Era nítido o amor da menininha pelo seu pai. Ela o abraçava, beijava suas bochechas, mexia em sua barbicha como se ele fosse o seu bicho de pelúcia. Grudava em seu pescoço como se uma ventania estivesse pra chegar. Também era nítido o medo da perda. Fiquei ali, quase estático, observando os dois na água da piscina. O pescoço paterno era a boia de salva-vidas da filha, e os seus ombros se transformaram em trampolim para a menina sorridente. Era linda aquela festa aquática. Um amor em borbulhas refrescantes. Fiquei cada vez mais curioso com aquela cena molhada e azul.
Continuei a olhar através de minhas lentes espelhadas.
Ao saírem da água, o
homem imediatamente apanhou a toalha no encosto da cadeira de plástico e
começou carinhosamente a enxugá-la ainda de maiô. Colocou-lhe um shortinho
azul, uma blusa rosa enfeitada com uma flor. Entregou pra ela uma garrafinha - possivelmente
com água e de mãos dadas, seguiram para a portaria do clube.
Não consegui parar de segui-los com os meus olhos curiosos.
Já na portaria, ele a
trouxe para o seu colo e ficou parado por alguns segundos até um carro vermelho
parar próximo aos dois. De dentro do carro saiu uma mulher morena, alta e
bonita.
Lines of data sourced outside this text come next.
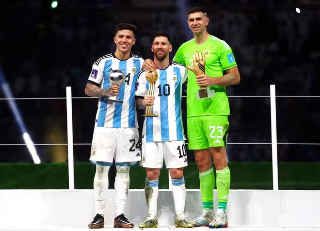 梅西理所当然地成为焦点,并获得了赛事最佳球员的金球奖,而费尔南德斯也站在了他身边的领奖台上——他被评选为2022年世界杯最佳年轻球员,领先于贝林厄姆、贡萨洛-拉莫斯和楚阿梅尼获得此项荣誉。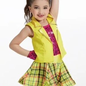 IC Preloved Solo Weissman Yellow & Pink Plaid Skirt with moto Vest Size IC NO HAIR BOW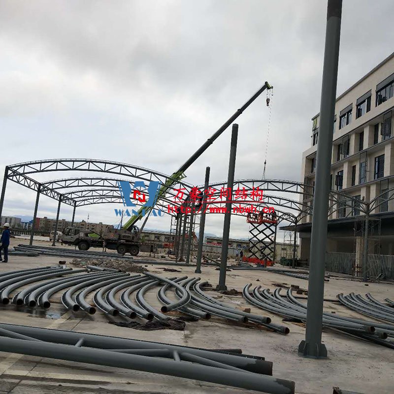 奉化方橋農(nóng)副鋼結(jié)構(gòu)雨棚工程位于浙江省寧波市奉化市內(nèi),此工程用鋼量100噸,膜結(jié)構(gòu)展開面積3500平米,由寧波萬(wàn)豪空間結(jié)構(gòu)工程有限公司承建。

Ela aproximou-se da menininha sorrindo e falou qualquer coisa que a fez
grudar mais forte no pescoço daquele homem não menos bonito, não menos moreno e
não menos alto. Seria um encontro lindo
se não fosse o choro da garotinha. Ali, pensei, há uma família incompleta. O
carro partiu, o homem ficou e a minha história não acabou.
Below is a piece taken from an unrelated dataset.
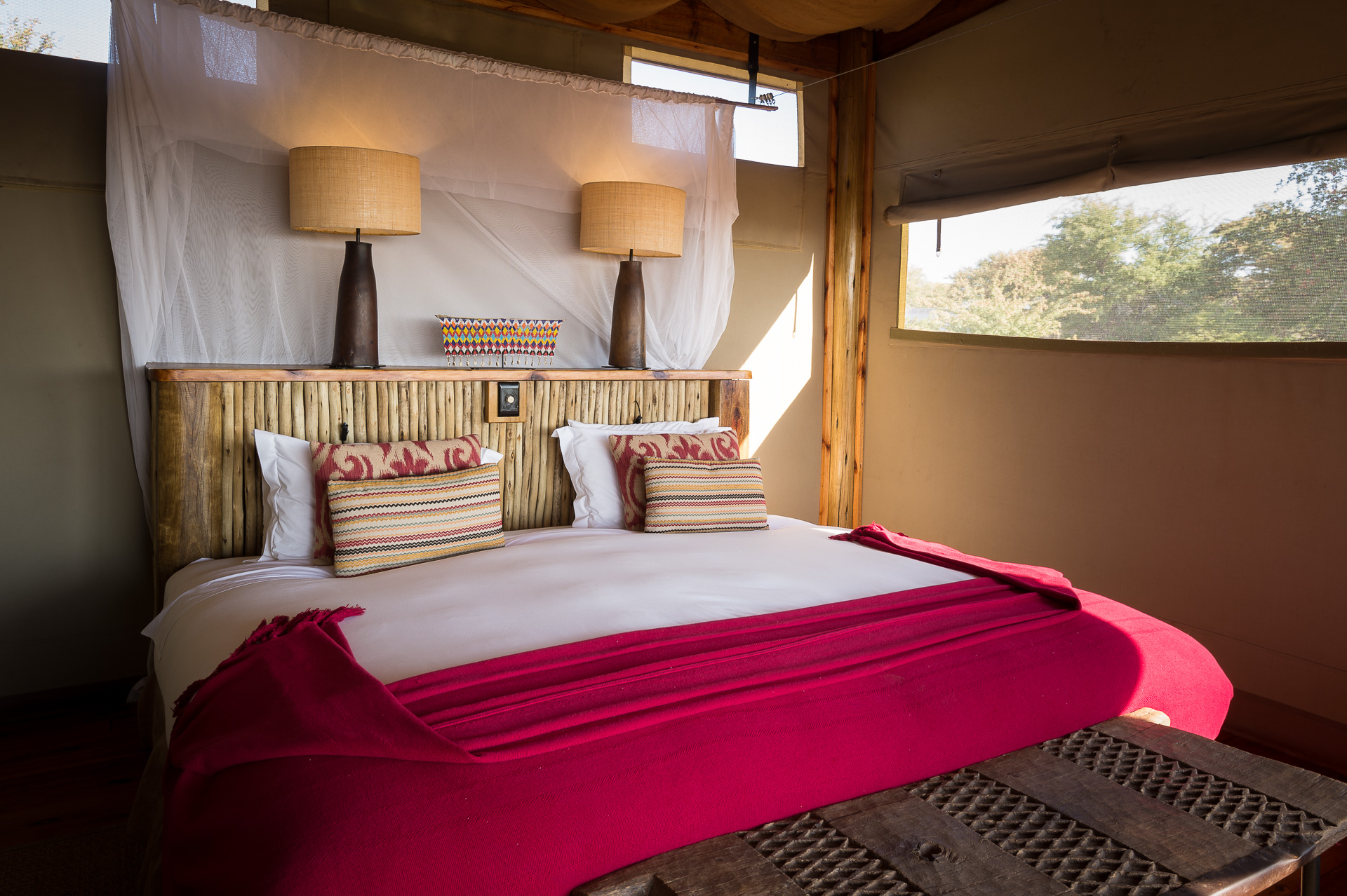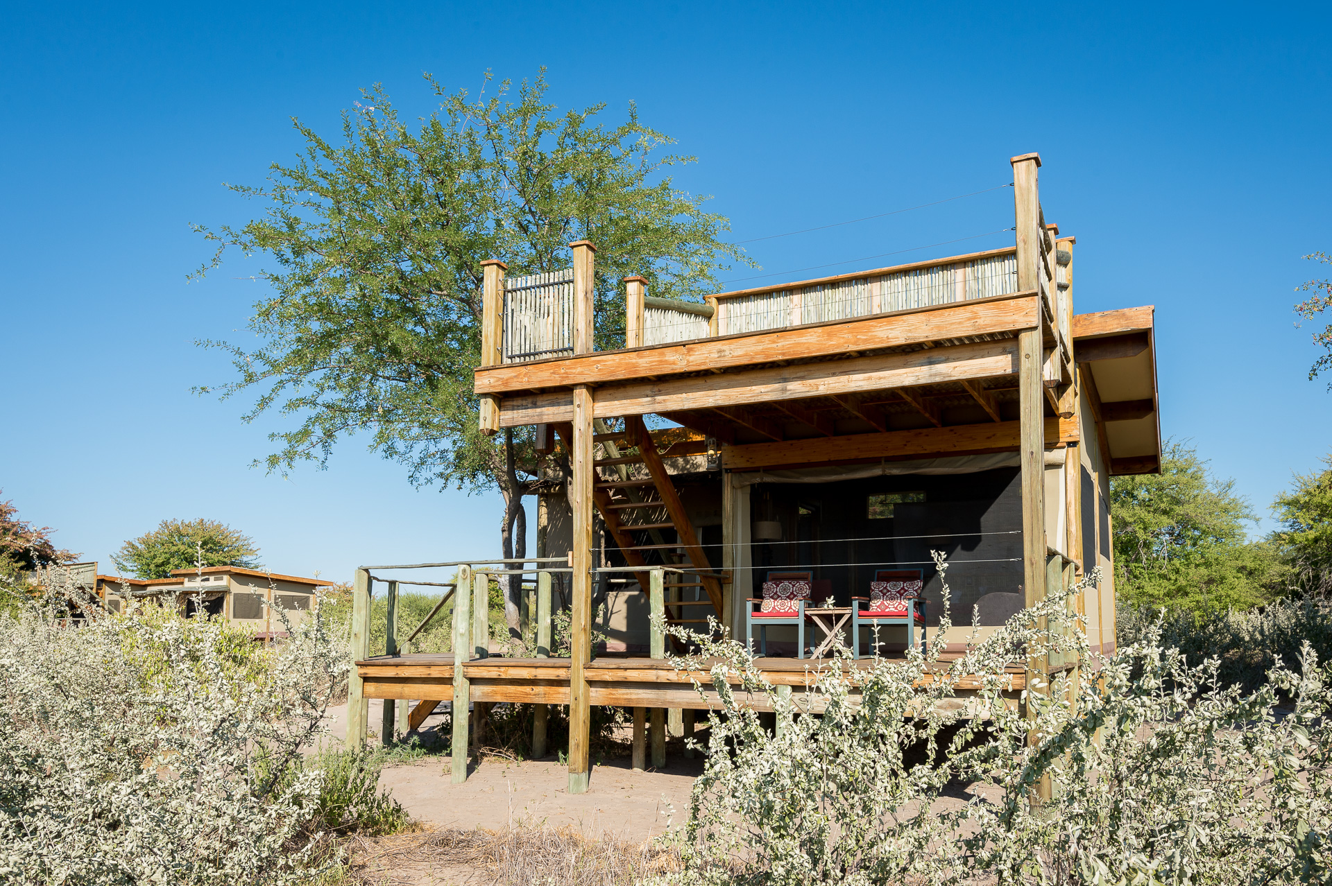 Built from canvas and timber, the 10 solar powered luxury tents have en suite bathrooms and bedrooms leading on to small decks and a flight of stairs to the rooftop deck, with its memorable views.

Quando o menininho olhou para o seu pai chegando à
plataforma de desembarque da rodoviária, gritou como os fãs de rock gritam ao
verem os seus ídolos. Todos riram com a nítida felicidade da criaturinha e de
seu pai quando se encontraram. Era felicidade explodida em beijinho e
abraços. A cena apaixonada continuou por
mais alguns segundos e se desfez em
silêncio quando a mochila do menino foi transferida das mãos maternas para o
ombro paterno e cada qual seguiu em uma direção. Ficou nítida a falta de
diálogo entre eles. Estava claro que algo se perdera. O homem subiu a escada
rolante, a mulher desapareceu entre a multidão de mãos vazias e a minha
história não teve fim.
No lugar do relógio, ele tinha uma pulseira de couro com uma
placa de metal. Tinha um nome escrito nela. Que nome estaria escrito ali? A
minha curiosidade é maior que a minha timidez. Dei um jeito de ler o nome
gravado na chapa brilhante: Daniela.
E lá vem ela!
Daniela chegou com beijo estalado, com abraço apertado e
muito calor humano. No mesmo pulso havia uma pulseira igual. O nome dele era Ricardo.
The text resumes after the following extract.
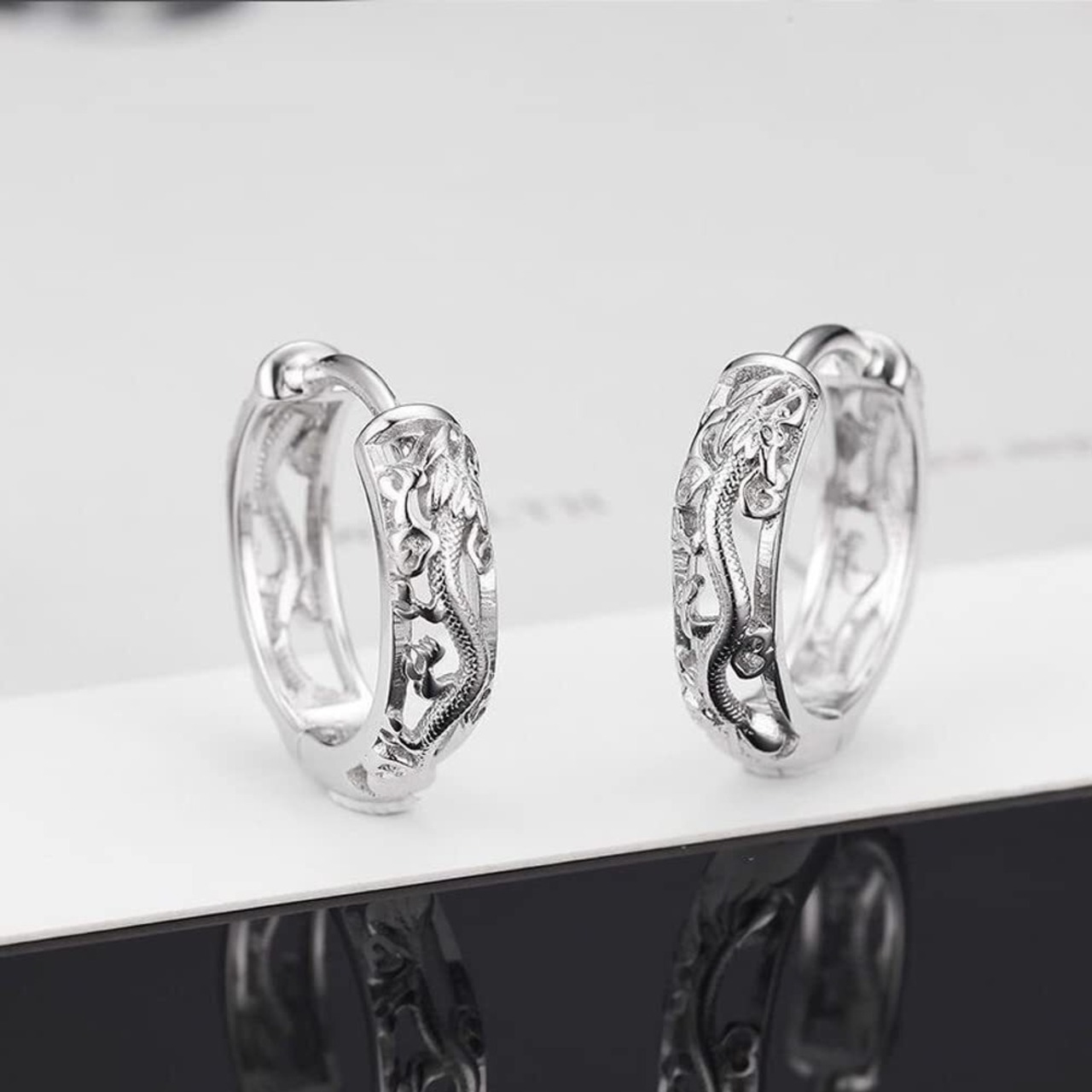 【優れた龍デザイン】 シンプルで着用しやすいデザイン、派手過ぎず、地味過ぎない、ちょうど良い存在感が魅力のドラゴンピアスです。普段使いでもフォーマルでも大活躍する、人気のフープピアスです。

Seguiram apaixonados e abraçados. Sumiram na primeira
esquina. Deixaram a minha história no meio do caminho.
No banco da praça ainda havia história. Ela lia um pequeno
livro, ele fazia palavras-cruzadas. Seus cabelos registravam em fios brancos,
possivelmente, um mesmo caminho. Não precisava adivinhá-los. Eram marcas
registradas de uma vida inteira.
Ela o segurava pelo cotovelo quando decidiram ir embora.
Sorri, ao vê-los partindo. Não saberia escrevê-los. Estavam muito longe de mim.
Ela carregava nos braços um buquê de rosas amarelas. Era seu
aniversário? Ganhou de seu amigo? Era o começo de uma nova história? Eu jamais saberia. A mulher de vermelho
entrou num táxi e eu continuei parado, absorto pela leveza encontrada, tentando
adivinhar qual seria a nossa história se não existissem as rosas em seus braços.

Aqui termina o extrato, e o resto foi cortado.